But there is another side of Baltimore that is far less charming. And on Monday, that side burned. Vast swaths of east and west Baltimore were consumed by flames and anger.
The immediate trigger was the funeral of Freddie Gray, a 25-year-old black man who died of a traumatic spinal injury he suffered while in police custody. But in a startlingly segregated city struggling with failing schools, failing infrastructure, a failing economy and a police department under federal investigation, it seemed only a matter of time before this side of Baltimore boiled over.
"All we have left, all many of us have left, is our dignity," said Robert Stokes, 36, as he stood with a broom and dustpan at Pennsylvania and North avenues, hours after people smashed windows, looted stores and set trash cans on fire. "And when that's stripped away, what do we have left? What do we have left except for rebellion? You look around and see unemployment. Filling out job applications and being turned down because of where you live and your demographic. It's so much bigger than the police department. This place is a powder keg waiting to explode."
In some neighborhoods of inner-city Baltimore, the destruction's aftermath was near indistinguishable from any other day. In Sandtown-Winchester, where Gray was raised and arrested, whole blocks of row homes sit neglected, some scorched, others boarded up. Neglected lots overgrown with grass are littered with trash and broken glass.
It wasn't always this way. Baltimore was once a prosperous city, celebrated by journalist H.L. Mencken. It was a manufacturing dynamo, famed for the rye whiskey and straw hats it made, among other things. But the story of Baltimore is much the same as the rest of urban America since World War II; industry left, and fortune followed.
Since the 1950s, the city's population has steadily declined, dwindling from nearly one million to 622,000. The city saw growth for the first time in six decades when it gained more than 1,000 residents in 2012; the next year, the count slightly declined.
The upheavals of the 1960s and '70s contributed to the disintegration. Rioting after the Rev. Martin Luther King Jr.'s death in 1968 left scars on the landscape that have never healed, and strikes by police, teachers and municipal workers in 1974 hastened the city's decline. Corruption has been a constant issue; in 2007, Mayor Sheila Dixon resigned after being convicted of embezzlement while serving as City Council president.
Drugs, too, have been an ever-present problem, especially heroin.
As droves of city residents left the city for the suburbs, thousands of Baltimore's row homes — some with castle-like spires on top — were left abandoned.

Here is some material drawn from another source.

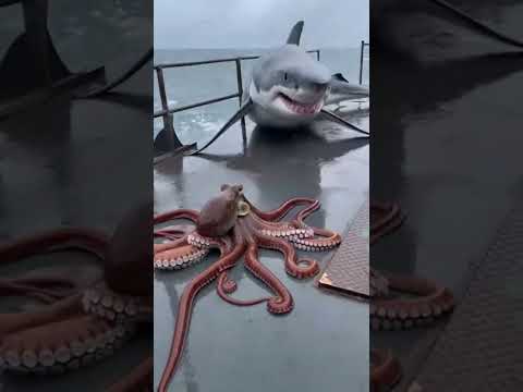 Massive Great White Shark Leaps on Ship and Spits Out Octopus.

Today, there are almost 17,000 vacant houses in Baltimore. Meanwhile, poverty and housing remain a problem. In October, the city's housing authority opened its lottery for public housing units to Baltimore residents for the first time in 10 years. Within a week, roughly 60,000 people — about 10 percent of the city's population — had signed up.
The big factories had closed, one after another; it was 10 years ago that General Motors shuttered its plant that made Chevy Astro and GMC Safari vans. City officials like longtime Mayor William Schaefer tried to make up the difference by developing the Inner Harbor, with its hotels, bars and restaurants, but that did little to spur much hiring across much of the city.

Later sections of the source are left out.